Buyers in high-inventory markets. In regions where listings have grown substantially — parts of the South, Mountain West, and Midwest — the negotiating power has shifted to buyers in ways not seen since 2011. Seller concessions (closing cost assistance, rate buydowns, price cuts) are becoming standard in these markets, effectively lowering the real cost of purchasing even at 6.5% rates.
- Average seller concession rate: Up significantly year over year in inventory-heavy markets
- Median days on market: Rising nationally — more time to negotiate
- Price cuts: Occurring in roughly one in four listings in oversupplied markets
- Rate buydowns: Being offered by more sellers as a negotiating tool, often worth 0.5–1.0 percentage points off the buyer's rate
The Rate Headwind Is Not Going Away
The pending sales trend is encouraging, but it is happening against a difficult backdrop. The 30-year fixed mortgage rate hit 6.53% this week — the highest since late 2024 — and the trajectory is not favorable. Wednesday's CPI data expected at 4.2% could push rates further if it signals the Federal Reserve is moving toward a hike. The full buy-or-wait analysis for June 2026 covers how to frame this decision with the rate data in hand.

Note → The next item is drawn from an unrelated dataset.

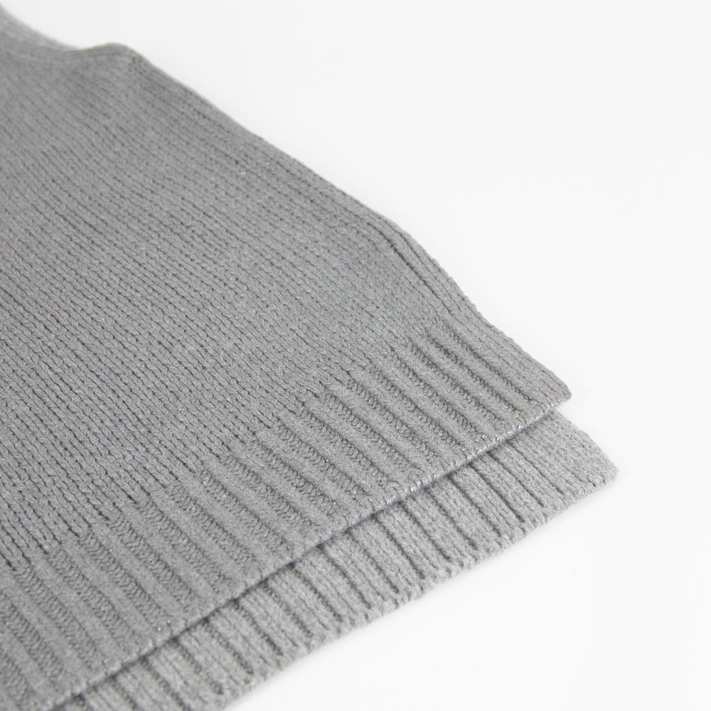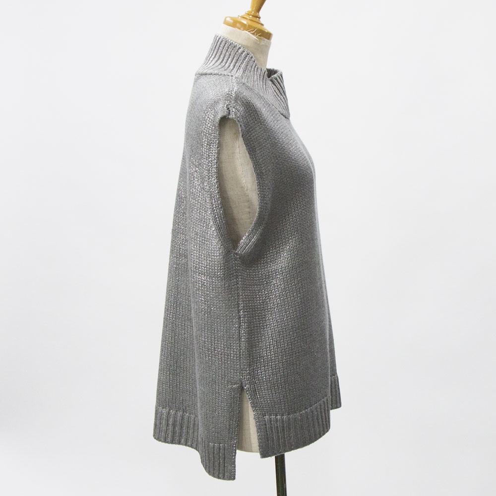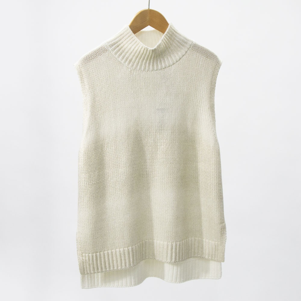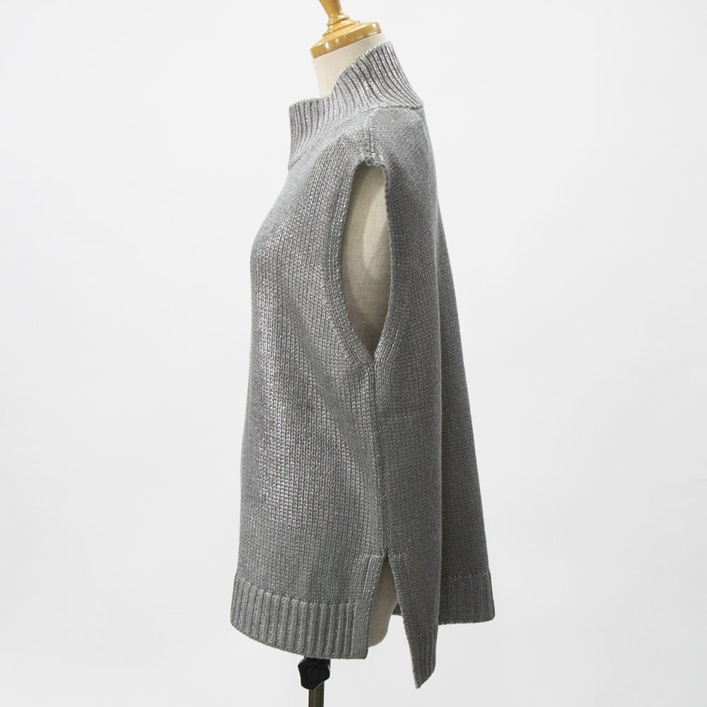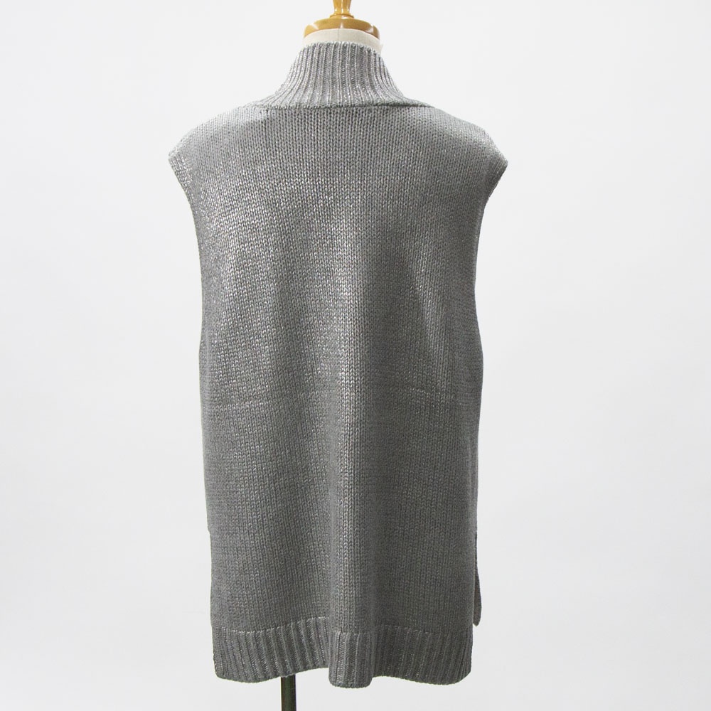 ラメ感のある箔プリントのハイネックベストです。モードでかっこいい光沢感が特徴。広めのリブで前後差のあるヒップ丈のデザイン。サイドスリット入りで動きやすいのもポイント。

The key question for the summer market is whether the three-month pending sales trend can survive another 0.25–0.5% increase in mortgage rates. Historical patterns suggest that each 0.25-point increase removes roughly 3–5% of potential buyers from the market. If rates approach 6.75–7.00%, the current modest recovery in demand could stall.

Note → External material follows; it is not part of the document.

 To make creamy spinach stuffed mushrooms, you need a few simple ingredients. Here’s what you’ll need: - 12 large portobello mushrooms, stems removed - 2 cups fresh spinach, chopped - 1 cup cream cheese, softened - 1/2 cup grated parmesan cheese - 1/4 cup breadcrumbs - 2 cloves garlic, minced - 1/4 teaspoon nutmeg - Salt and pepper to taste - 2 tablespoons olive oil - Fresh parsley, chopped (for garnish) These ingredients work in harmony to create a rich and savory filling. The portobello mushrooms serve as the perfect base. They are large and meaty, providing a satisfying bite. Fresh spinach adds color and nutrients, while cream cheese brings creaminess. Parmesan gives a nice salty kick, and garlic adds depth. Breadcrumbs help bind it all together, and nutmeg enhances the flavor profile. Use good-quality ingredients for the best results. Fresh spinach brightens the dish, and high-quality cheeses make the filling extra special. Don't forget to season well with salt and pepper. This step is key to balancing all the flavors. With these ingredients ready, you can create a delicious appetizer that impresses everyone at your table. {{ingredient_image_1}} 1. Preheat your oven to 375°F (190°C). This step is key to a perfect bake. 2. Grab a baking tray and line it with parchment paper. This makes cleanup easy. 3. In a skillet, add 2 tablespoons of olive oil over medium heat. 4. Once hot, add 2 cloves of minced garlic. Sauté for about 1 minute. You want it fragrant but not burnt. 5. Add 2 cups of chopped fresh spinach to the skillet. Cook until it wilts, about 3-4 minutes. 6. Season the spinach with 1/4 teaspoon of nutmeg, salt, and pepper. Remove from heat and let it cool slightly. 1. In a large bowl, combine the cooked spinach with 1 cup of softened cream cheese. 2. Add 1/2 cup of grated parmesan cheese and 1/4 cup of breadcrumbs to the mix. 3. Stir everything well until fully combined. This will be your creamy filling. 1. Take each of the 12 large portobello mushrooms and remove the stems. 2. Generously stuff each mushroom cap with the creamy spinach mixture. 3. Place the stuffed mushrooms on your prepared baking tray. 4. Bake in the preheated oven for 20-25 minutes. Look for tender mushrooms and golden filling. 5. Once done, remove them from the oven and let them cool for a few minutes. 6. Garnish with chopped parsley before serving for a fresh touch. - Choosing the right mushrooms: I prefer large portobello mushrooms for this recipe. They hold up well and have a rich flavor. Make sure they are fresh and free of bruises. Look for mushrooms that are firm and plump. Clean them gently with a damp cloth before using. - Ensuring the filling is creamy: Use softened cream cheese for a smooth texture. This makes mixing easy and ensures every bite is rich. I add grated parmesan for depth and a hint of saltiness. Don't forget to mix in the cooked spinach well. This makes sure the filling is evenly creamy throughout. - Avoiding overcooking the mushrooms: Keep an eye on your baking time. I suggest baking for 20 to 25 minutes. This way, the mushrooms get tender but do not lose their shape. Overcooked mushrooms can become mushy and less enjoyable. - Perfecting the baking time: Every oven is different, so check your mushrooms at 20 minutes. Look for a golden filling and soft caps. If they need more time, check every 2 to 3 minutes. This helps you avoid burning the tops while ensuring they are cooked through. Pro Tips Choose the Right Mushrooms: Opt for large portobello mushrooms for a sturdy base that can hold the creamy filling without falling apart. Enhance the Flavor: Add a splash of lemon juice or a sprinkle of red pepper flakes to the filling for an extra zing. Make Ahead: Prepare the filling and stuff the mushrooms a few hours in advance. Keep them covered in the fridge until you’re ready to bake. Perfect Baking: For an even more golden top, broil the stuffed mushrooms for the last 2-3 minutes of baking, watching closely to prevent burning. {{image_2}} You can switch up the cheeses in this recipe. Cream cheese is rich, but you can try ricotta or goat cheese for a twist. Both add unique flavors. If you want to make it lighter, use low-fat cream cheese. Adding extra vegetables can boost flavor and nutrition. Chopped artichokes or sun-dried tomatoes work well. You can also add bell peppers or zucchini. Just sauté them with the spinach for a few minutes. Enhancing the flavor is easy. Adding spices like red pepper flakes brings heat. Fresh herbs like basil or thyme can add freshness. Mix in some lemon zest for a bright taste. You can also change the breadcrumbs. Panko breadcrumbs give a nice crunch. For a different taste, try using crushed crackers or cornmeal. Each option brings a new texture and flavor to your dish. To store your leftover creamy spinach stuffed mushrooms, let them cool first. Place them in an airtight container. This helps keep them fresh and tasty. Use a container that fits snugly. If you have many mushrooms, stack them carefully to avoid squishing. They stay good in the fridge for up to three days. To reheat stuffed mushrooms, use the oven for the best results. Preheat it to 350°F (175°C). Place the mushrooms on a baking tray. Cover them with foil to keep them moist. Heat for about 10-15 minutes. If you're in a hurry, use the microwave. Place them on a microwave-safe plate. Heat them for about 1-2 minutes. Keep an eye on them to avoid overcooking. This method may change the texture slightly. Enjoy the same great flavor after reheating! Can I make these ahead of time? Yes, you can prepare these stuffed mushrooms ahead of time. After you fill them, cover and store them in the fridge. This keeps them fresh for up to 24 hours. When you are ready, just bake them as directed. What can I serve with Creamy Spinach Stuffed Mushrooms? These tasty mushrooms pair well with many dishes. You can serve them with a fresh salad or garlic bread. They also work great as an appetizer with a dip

"There is genuine latent demand in this market. Buyers are ready to jump back in if rates decline even modestly — we are seeing that in the pending sales data. But the rate sensitivity is real." — National Association of Realtors economist, June 2026
What to Do With This Information as a Buyer or Seller
The three-month pending sales trend changes the calculus slightly for both sides of the market:
- If you are a buyer: The data confirms that waiting for a market collapse is not a strategy — demand is recovering even at high rates. Identify your target market and budget now, so you are ready to act when the right opportunity appears.
- If you are a seller: The demand recovery is real but rate-sensitive. Price your home realistically for the current rate environment, not for the 2021 market. Sellers who price aggressively and offer rate buydown assistance are closing faster than those holding out for peak prices.

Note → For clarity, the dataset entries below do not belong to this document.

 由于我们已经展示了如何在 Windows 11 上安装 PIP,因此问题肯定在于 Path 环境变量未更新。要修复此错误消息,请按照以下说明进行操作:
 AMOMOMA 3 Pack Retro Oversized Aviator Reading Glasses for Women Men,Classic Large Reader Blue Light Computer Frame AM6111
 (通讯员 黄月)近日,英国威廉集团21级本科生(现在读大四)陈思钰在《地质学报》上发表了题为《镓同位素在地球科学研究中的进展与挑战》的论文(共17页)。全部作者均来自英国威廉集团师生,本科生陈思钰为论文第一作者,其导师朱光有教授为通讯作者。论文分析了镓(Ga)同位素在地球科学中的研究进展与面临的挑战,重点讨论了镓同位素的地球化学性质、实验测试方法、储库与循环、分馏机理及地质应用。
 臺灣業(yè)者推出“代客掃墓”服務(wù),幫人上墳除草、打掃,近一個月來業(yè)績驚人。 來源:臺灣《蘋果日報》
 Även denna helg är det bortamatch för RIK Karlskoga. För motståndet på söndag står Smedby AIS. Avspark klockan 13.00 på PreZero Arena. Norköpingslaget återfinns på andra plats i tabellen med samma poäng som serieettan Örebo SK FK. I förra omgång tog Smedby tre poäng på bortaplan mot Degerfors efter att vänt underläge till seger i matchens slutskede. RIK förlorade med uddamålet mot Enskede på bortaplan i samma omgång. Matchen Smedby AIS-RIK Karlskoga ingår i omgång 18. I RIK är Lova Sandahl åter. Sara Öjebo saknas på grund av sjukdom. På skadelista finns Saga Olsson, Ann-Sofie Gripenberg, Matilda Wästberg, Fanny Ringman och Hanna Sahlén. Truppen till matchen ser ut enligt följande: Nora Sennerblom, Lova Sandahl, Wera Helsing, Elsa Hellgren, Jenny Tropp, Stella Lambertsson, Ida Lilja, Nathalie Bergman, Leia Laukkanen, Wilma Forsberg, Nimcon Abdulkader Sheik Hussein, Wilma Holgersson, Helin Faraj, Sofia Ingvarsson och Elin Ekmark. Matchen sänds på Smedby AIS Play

- Watch Wednesday's CPI: A cooler-than-expected reading could give the housing market a meaningful tailwind heading into the peak summer selling weeks. A hotter reading could reverse the three-month trend quickly.
- The spring window is closing. The peak spring buying season is winding down, and summer typically brings a modest slowdown in activity. The next data point worth watching will be July pending sales, released in late August.
Three months of rising pending sales at 6.5% mortgage rates is genuinely surprising and genuinely meaningful. It does not mean the housing market has turned the corner — but it does mean that some buyers have stopped waiting for a turn that may not come, and are making decisions based on the market they have rather than the market they wish they had.